Si, como advertía Benjamin, el estado de excepción es en verdad nuestra regla, ¿no habría que promover más bien la verdadera excepción? Es urgente que termine no sólo el confinamiento sanitario, sino también la normalidad de nuestra cotidianidad, a la que nos hemos acostumbrado poco a poco, y que no es mucho menos mortal y asesina que la pandemia.
El mundo seguirá girando después de nuestras cuarentenas. Pero, ¿cómo se moverá? ¿Hacia dónde? Tenemos que seguir eligiendo entre la vida y la muerte, entre la nuda vida y la vida digna. Nos corresponde la tarea de seguir injustificando la injusticia propia de nuestra cotidianidad, tan devastadoramente rota por relaciones de existencia perversas. ¿A qué le estamos apostando, por cierto, para salvar: a la vida o al sistema?

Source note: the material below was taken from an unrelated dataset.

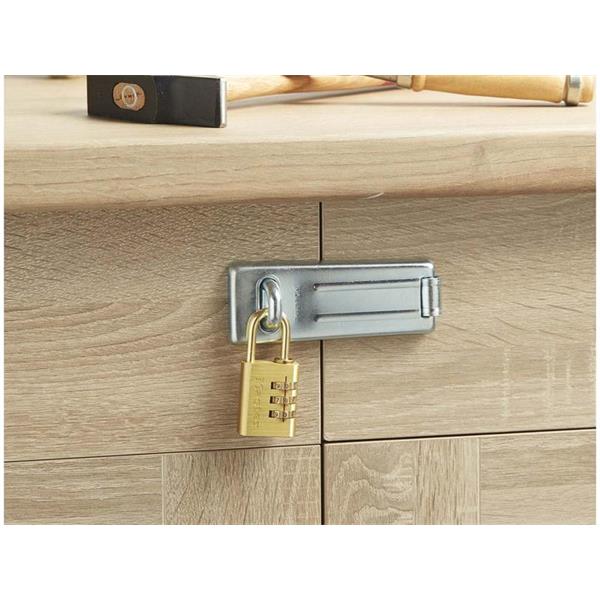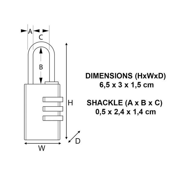 30mm aluminium padlock with brass finish - 23mm chrome plated steel shackle, 5mm diameter - 3-digit resettable combination

La batalla continúa y va mucho más allá de la consigna “quédate en casa” (aunque, por ahora, la incluye). No dejemos de reconocer lo indefinido, no sólo de la cuarentena, sino también del desastre cotidiano -sin que ello signifique, eo ipso, que jamás terminará-. Tampoco dejemos de reconocer que no puede ser el mismo desgarrado y desgarrador sistema que nos enfermó el que nos saque de esto.
Más bien que regresar a la cotidianidad, habría que plantearnos cómo zanjarla, cómo derrumbarla. Pero hagamos nuevamente la pregunta. ¿Cómo regresar, entonces, a la cotidianidad? Nietzscheanamente, respondería yo: a martillazos. Cuando por fin podamos salir de casa y reunirnos nuevamente con otros cuerpos, no lo hagamos solamente con ese frío y frecuentemente exagerado miedo inmunitario al otro que nos hace cubrirnos las manos con guantes de látex para arrojar, desde una sana distancia, un saludo inmaterial. Salgamos del confinamiento sosteniendo un martillo o dos, que «todavía» falta mucho por romper.